*EXERCISE BRIEF*.
Give the number of lines in the records below that include "through". Reply with that number alone.

[Stored records]
====

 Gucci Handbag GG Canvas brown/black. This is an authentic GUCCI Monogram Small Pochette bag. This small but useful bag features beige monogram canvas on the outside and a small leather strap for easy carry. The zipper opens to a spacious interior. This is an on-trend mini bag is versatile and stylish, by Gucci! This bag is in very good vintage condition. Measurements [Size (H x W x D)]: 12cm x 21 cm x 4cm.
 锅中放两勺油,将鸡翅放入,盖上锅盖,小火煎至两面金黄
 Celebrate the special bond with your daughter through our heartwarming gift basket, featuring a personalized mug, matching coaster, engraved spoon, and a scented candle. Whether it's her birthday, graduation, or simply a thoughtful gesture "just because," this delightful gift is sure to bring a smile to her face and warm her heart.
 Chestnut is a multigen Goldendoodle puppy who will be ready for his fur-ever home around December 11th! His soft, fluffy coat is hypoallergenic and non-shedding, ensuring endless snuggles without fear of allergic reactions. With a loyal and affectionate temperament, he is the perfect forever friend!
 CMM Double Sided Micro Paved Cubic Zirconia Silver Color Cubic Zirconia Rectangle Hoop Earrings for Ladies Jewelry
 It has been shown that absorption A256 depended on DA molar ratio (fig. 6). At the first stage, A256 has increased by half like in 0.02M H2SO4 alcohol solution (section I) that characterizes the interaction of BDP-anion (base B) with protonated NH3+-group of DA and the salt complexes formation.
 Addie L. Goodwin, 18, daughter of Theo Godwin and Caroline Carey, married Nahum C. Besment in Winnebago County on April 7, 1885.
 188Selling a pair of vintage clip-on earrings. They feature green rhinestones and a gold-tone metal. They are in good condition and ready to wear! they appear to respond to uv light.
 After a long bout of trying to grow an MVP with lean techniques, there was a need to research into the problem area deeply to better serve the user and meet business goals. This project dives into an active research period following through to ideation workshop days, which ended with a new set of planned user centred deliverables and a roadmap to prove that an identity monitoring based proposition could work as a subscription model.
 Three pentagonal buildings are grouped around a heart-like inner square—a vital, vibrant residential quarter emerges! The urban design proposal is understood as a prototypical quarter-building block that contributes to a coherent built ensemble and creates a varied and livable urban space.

====

*ANSWER TO THE EXERCISE*.
2